Первая. Относиться к своему рабочему времени так же, как слесарь, паровозный машинист или актер. В рабочее время слесаря без особой нужды не вызовут из цеха, актера - со сцены, а машинист не остановит поезд среди поля. Использовать эти часы не по прямому назначению можно только в чрезвычайных случаях. Знакомые и секретарши различных учреждений должны смириться с тем, что во время работы писатель не подходит к телефону, не ездит на совещания, не назначает свиданий, точно так же, как если б он обтачивал деталь, вел паровоз или играл в спектакле.
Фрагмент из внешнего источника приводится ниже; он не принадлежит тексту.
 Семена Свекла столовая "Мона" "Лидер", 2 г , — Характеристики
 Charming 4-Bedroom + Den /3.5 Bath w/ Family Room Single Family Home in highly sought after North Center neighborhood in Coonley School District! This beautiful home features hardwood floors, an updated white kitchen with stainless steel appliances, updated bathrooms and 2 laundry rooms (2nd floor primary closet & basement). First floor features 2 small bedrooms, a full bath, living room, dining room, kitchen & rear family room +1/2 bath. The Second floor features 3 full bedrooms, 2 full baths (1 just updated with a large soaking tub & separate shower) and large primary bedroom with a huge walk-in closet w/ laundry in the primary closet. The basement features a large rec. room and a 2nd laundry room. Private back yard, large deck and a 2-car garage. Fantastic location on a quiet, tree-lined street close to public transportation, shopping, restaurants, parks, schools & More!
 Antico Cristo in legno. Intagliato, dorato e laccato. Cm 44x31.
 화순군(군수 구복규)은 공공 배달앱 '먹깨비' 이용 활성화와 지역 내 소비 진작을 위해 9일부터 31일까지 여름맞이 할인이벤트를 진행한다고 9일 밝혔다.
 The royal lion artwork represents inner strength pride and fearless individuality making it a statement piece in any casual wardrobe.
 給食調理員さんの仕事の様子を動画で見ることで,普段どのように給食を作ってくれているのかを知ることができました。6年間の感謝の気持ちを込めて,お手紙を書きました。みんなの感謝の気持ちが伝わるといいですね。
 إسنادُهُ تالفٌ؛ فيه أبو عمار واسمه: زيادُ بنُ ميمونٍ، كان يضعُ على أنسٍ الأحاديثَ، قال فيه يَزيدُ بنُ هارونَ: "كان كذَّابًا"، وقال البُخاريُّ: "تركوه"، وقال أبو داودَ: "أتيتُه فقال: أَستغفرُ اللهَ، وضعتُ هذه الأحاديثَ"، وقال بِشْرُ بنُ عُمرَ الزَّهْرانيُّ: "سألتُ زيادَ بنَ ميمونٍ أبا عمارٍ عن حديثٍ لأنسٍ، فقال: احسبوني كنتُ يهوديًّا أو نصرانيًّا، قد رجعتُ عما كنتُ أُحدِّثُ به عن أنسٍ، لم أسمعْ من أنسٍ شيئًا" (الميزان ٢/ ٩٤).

Вторая - и гораздо более трудная. Садиться за письменный стол с незамусоренной головой. Всех нас одолевает огромное количество мелочей. Будучи в точном смысле слова мелочами, то есть обстоятельствами малозначительными, они обладают свойствами ближних радиопомех - образуют шумовой фон, способный заглушить любую музыку. Нельзя допускать, чтобы пустяковые ссоры и копеечные уколы самолюбию или даже совсем безобидные мысли - "опять не сдал костюм в чистку", "завтра истекает срок хранения подписных изданий" - навязчиво, как писк морзянки, вторгались в вашу работу.
Третья - и самая трудная. В нерабочее время сохранять хотя бы приблизительное соответствие между поведением любимых героев и своим собственным. К примеру, если твоим любимым героем является новатор производства, человек убежденный, ершистый и настойчивый, нехорошо, когда сам автор слишком гибок и покладист...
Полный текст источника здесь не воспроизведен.